In March 2019, @awight added the following code to PageviewDefinition.java in the Analytics refinery-core followed by code to test that regex pattern against incoming page titles:

/**
* Simple regex to reject illegal title characters.
*
* Must be kept in sync with $wgLegalTitleChars.
*/
private final Pattern titleValidPattern = Pattern.compile(
    "^[ %!\"$&'()*,\\-./0-9:;=?@A-Z\\\\^_`a-z~\\x80-\\xFF\\u0080-\\uffff]+$"
);

As opposed to previously, with this addition, the refinery now filtered out invalid page titles that people attempted to visit such as "Star_Wars_[film]" (square brackets are invalid) and "C#" (number signs are invalid).
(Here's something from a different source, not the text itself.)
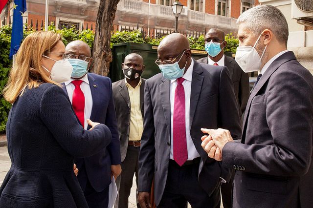 El ministro del Interior, Fernando Grande-Marlaska, y su homólogo gambiano, Yankuba Sonko, han valorado la cooperación en materia migratoria y especialmente la labor coordinada que desarrolla la Fuerza Conjunta de lucha contra la Inmigración Irregular de Gambia, que está logrando resultados notables en la persecución de las redes de tráfico de seres humanos.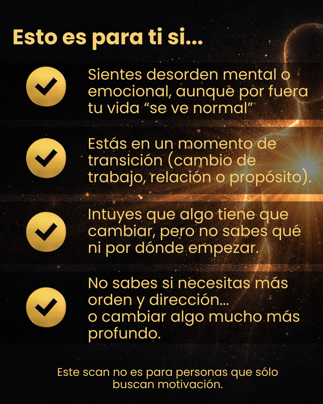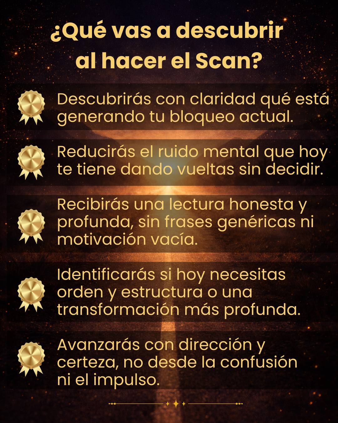 El Scan del Alma te ayuda a entender qué tipo de acompañamiento necesitas ahora (si es que lo necesitas) y desde dónde iniciar sin perder tiempo ni energía.

Note that this regex character class differed from the existing $wgLegalTitleChars at the time:
' %!\"$&'()*,\\-./0-9:;=?@A-Z\\\\^_'a-z~\\x80-\\xFF\\u0080-\\uffff' (titleValidPattern character class) versus
' %!\"$&'()*,\\-./0-9:;=?@A-Z\\\\^_'a-z~\\x80-\\xFF' ($wgLegalTitleChars (with Java delimiting)).

The addition of '\\u0080-\\uffff' by Adam successfully matched individual Unicode characters between the values 0x0080 and 0xFFFF, allowing for the tracking of pages with titles including symbols such as Chinese characters, mathematical operators, and dingbats.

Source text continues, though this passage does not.